§ Exercise instructions
Find the line that holds "Соединить яблоки, изюм", then repeat it and each line below it word for word through the end of the listing, leaving out pictures.

§ Dataset extract
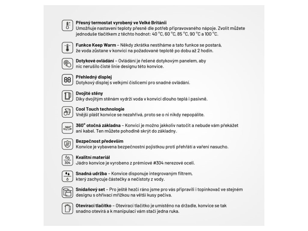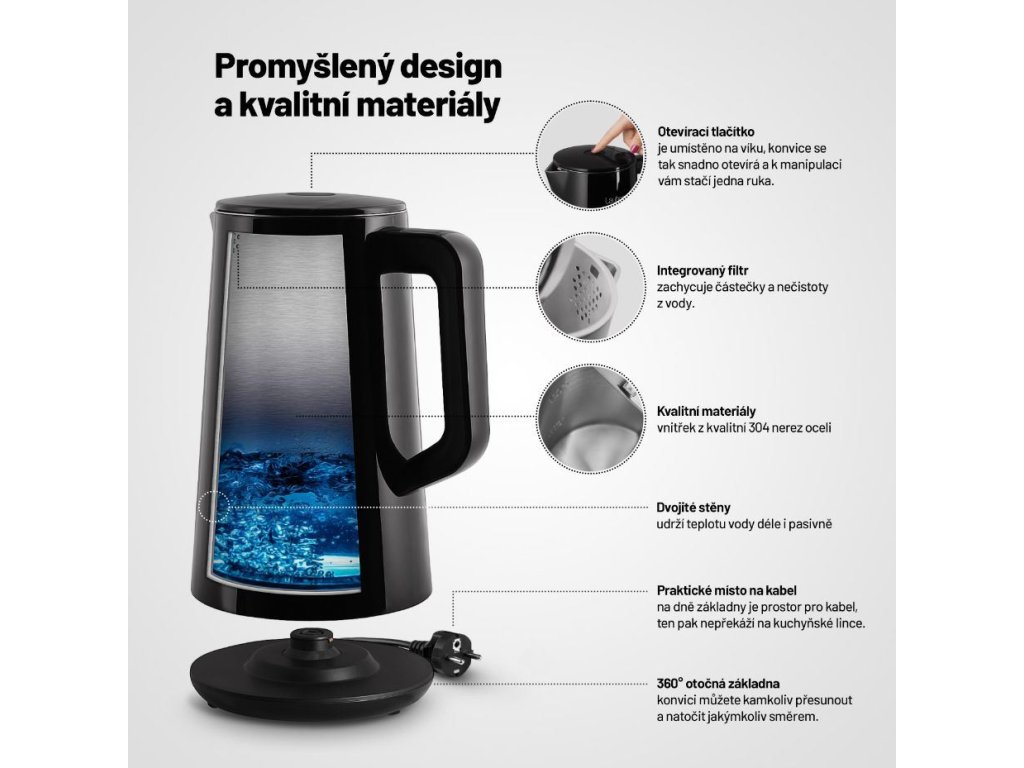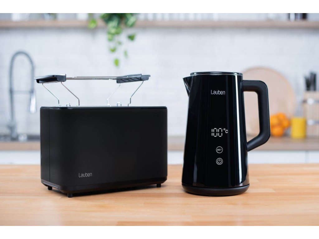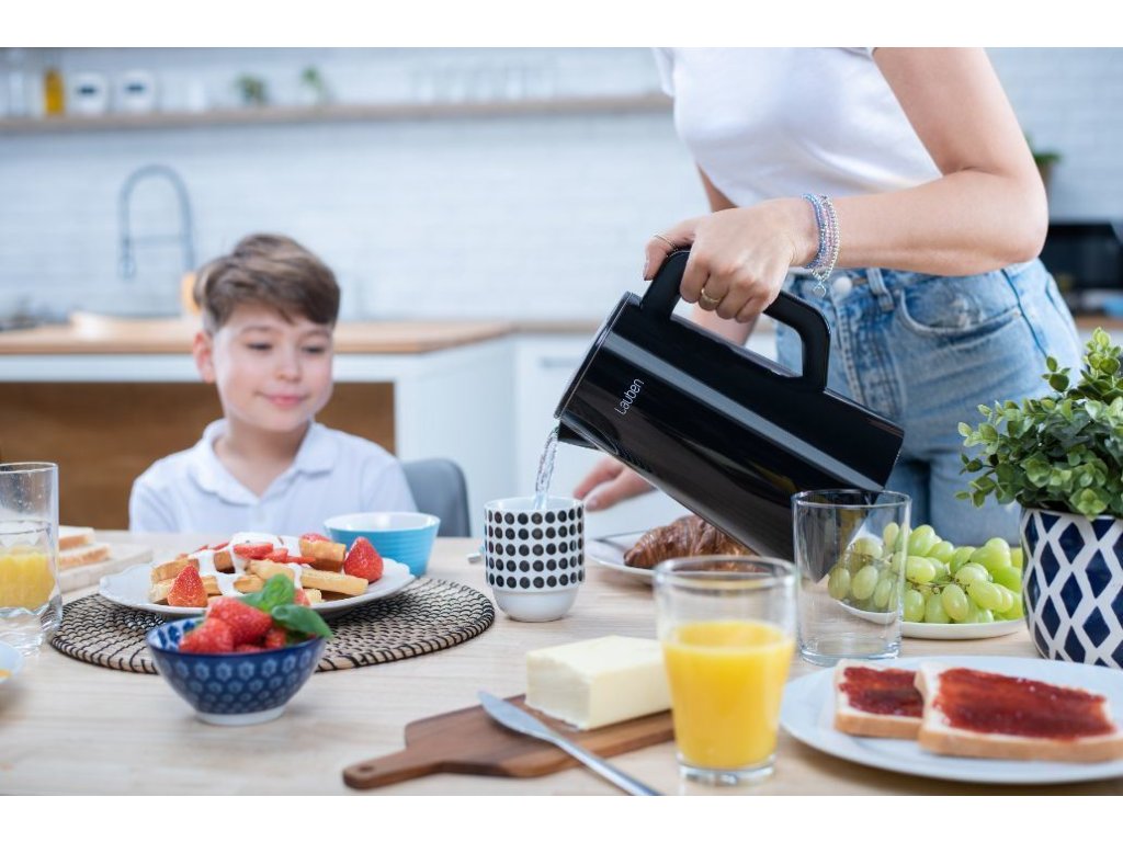 Voda presne na mieru nápojomNepostrádateľnou súčasťou kuchýň sa stala rýchlovarná kanvica. Aj tá však môže byť viac než len užitočný domáci spotrebič. Lauben Elektrická Rýchlovarná Kanvica 1800BC v dokonalom čiernom dizajne s veľkým digitálnym displejom je veľmi praktická a zároveň pôsobí ako štýlový dizajnový doplnok. Vodu v nej ohrievate presne na požadovanú teplotu a vďaka presnému termostatu a funkcii Keep Warm ju udrží na rovnaké teplote až po dobu 2 hodín. Ani potom jej dvojité steny nedovolia rýchlo ochladiť. Údržba kanvice je jednoduchšia než kedykoľvek predtým, integrovaný filter zachytí mnoho nečistôt. Ako vždy myslíme aj na bezpečnosť, preto technológia Cool Touch zabraňuje popáleniu pri kontakte s kanvicou a bezpečnostná poistka prístroj ochráni proti prehriatiu a vareniu bez vody. Samozrejmosťou je základňa otočná o 360° s priestorom na ukrytie kábla.
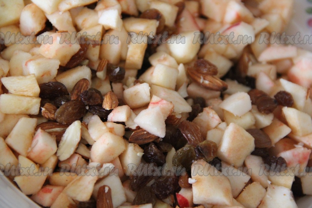 Соединить яблоки, изюм и орехи. Всё хорошо перемешать. По желанию можно сбрызнуть яблоки лимонным соком. Можно в начинку добавить коньяк или бренди, но это по желанию.
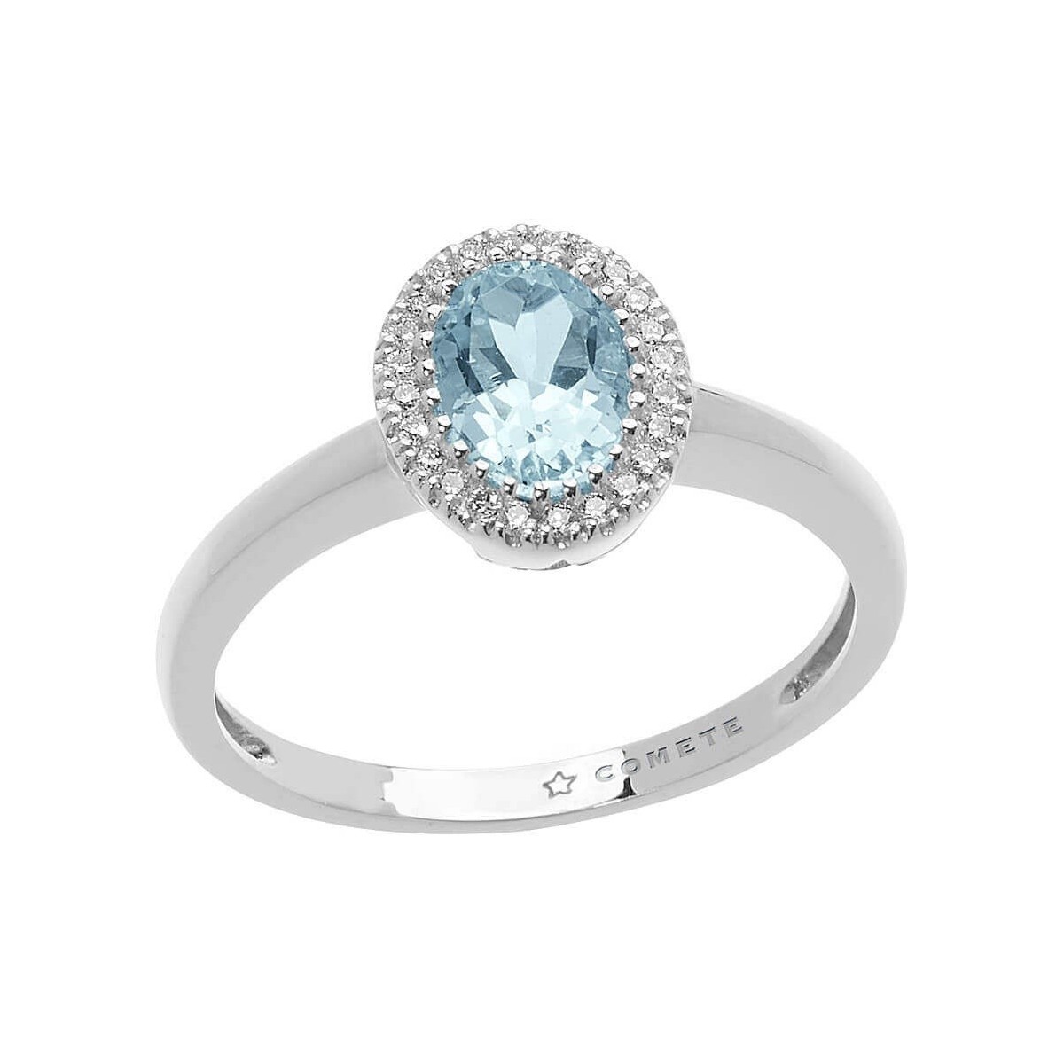 Comete Damenring aus der Azzurra Prestige Kollektion aus edlem 18kt Weißgold mit einem ovalen Aquamarin aus 0,80 Papierpapier umgeben und verziert mit 0,10 Karat runden Diamanten im Brillantschliff, Farbe G. Die Ringgröße beträgt 12

§ Worked solution
 Соединить яблоки, изюм и орехи. Всё хорошо перемешать. По желанию можно сбрызнуть яблоки лимонным соком. Можно в начинку добавить коньяк или бренди, но это по желанию.
 Comete Damenring aus der Azzurra Prestige Kollektion aus edlem 18kt Weißgold mit einem ovalen Aquamarin aus 0,80 Papierpapier umgeben und verziert mit 0,10 Karat runden Diamanten im Brillantschliff, Farbe G. Die Ringgröße beträgt 12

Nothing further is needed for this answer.